Глава 8. На грани фола
Конспиративная квартира была в приличном доме на втором этаже. Не абы для какой мелкой сошки, а для солидных "клиентов". За обитыми дерматином дверями три просторных комнаты со вполне соответствующей обстановкой. Гостиная с мягким диваном и креслами из тиснёной кожи, массивный обеденный стол под плюшевой скатертью окружён венскими стульями, у стены - "горка" с посудой, на окнах плюшевые портьеры. В соседней комнате спальня с широченным ложем, пузатым комодом и платяным шкафом.

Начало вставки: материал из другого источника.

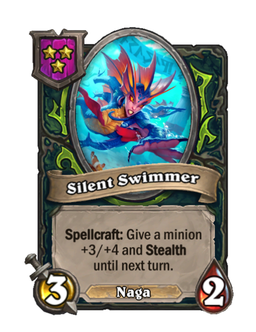 Silent Swimmer is a Tier 3 Naga Minion in Hearthstone Battlegrounds with 3/2 stats. Effect: Spellcraft: Give a minion +3/+5 and Stealth until next turn. This card is no longer in the pool (Legacy).

В третьей был кабинет с книжными полками, удобным креслом за письменным столом, где они сейчас и находились. Здесь и обосновался его гость, обнаружив за китайской ширмой скромную кушетку и сославшись на привычку полистать незатейливый роман на сон грядущий. Плед и подушка дополнили скромное ложе, придав ему незатейливый уют.
Прожив в кабинете пару дней, гость постепенно обвыкся и общался без прежней настороженности. Оценив эти изменения, опер пришёл к выводу, что пора "брать быка за рога".
- Слушай, Сосо, - сказал Стас, задумчиво выпуская дым через ноздри, - ты горец, стало быть, человек прямой.
Тот поставил на стол стакан с чаем, и спокойно поглядел оперу в глаза. И этот взгляд многое сказал. Горцы, конечно, народ прямой. Возможно. Но, несмотря на прямоту, им доступно такое коварство, что всякие там Талейраны и Борджиа, в сравнении с ними, дети малые. По внимательному взгляду собеседника Стас почувствовал, что верную ноту взял, не сфальшивил.
- Я понимаю, Станислав, - неторопливо сказал Сосо. - что у тебя есть ко мне вопросы. Спрашивай. Я тебе отвечу.
"Да, не врали историки, - подумал Стас. - Взгляд у него, действительно, стоит отдельного упоминания. Как у нашего полкового особиста, прямо".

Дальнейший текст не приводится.